I am working on streaming, long-form decoding on TED-Lium. I have a causal Zipformer encoder, and have adapted the streaming_decode.py script to decode full recordings in a streaming fashion and also return token-level time-stamps.

So far, greedy_search and modified_beam_search are working fine. I am now trying to use fast_beam_search_nbest_LG, since I have previously got good gains with LG decoding for TED-Lium. However, the streaming version of this decoding method (and all fast_beam_search variants) are extremely slow. My guess is that this is caused by the design of the streaming algorithm --- after processing each chunk, it generates a lattice and calls one_best_decoding() on the lattice (line 291). The intermediate hypothesis is then updated with the result (line 295). This means that the lattice generation and shortest path would be called every time we process a chunk. I verified that as we process more chunks, the time taken in lattice generation and shortest path keeps increasing linearly.

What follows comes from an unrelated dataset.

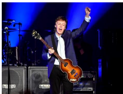
Paul McCartney

Paul McCartney, Grammy and Oscar-winning singer-songwriter and original band member of The Beatles, has crafted a score to a new musical adaptation of the iconic 1946 film It's a Wonderful Life , Variety reports. The musical is expected to make a 2020 world premiere in the U.K. before moving to Broadway. Tony winner and Oscar nominee Lee Hall ( Network , Billy Elliot , Rocketman ) is collaborating with McCartney on the new tuner, with Tony-winning producer Bill Kenwright shepherding the show to the stage. "Writing a musical is not something that had ever really appealed to me," said McCartney. "But Bill and I met up with Lee Hall and had a chat and I found myself thinking this could be interesting and fun. It's a Wonderful Life is a universal story we can all relate to." Famously directed by Frank Capra, the film It's a Wonderful Life centres on everyman George Bailey, who considers ending his life on Christmas. He inadvertently rescues a guardian angel named Clarence who shows him what the world would look like without his contributions. McCartney first launched to fame as bass guitarist and singer with The Beatles. Over the course of his career, he has won 18 Grammys and an Academy Award shared with The Beatles for the score to the documentary Let It Be .

In addition to being slow due to the recomputation, I think it is also a wrong way of streaming decoding, since we are modifying previously generated tokens based on future audio. In contrast, the streaming version of greedy_search is correct, in that it just keeps appending tokens to existing hypothesis.

pkufool commented 1 year ago

However, the streaming version of this decoding method (and all fast_beam_search variants) are extremely slow.

How slow? Do you have any number like decoding time or RTF.

My guess is that this is caused by the design of the streaming algorithm --- after processing each chunk, it generates a lattice and calls one_best_decoding() on the lattice (line 291).

This is decided by how often do you want the partial results, can be esaisy fixed by adding an option like return_partial, if True, running the one_best_decoding, if False do nothing.

In addition to being slow due to the recomputation, I think it is also a wrong way of streaming decoding, since we are modifying previously generated tokens based on future audio. In contrast, the streaming version of greedy_search is correct, in that it just keeps appending tokens to existing hypothesis.

Yes, that is a problem, in current implementation we will stack and unstack all the previous states & arcs, but actually only states and arcs in t-1 step are needed for current chunk. This is also happened on OnlineIntersectDensePruned (i.e. streaming ctc decoding), will try to fix it. One issue is the concatenated best path of chunks might not be the best path of the whole lattice.

desh2608 commented 1 year ago

However, the streaming version of this decoding method (and all fast_beam_search variants) are extremely slow.

How slow? Do you have any number like decoding time or RTF.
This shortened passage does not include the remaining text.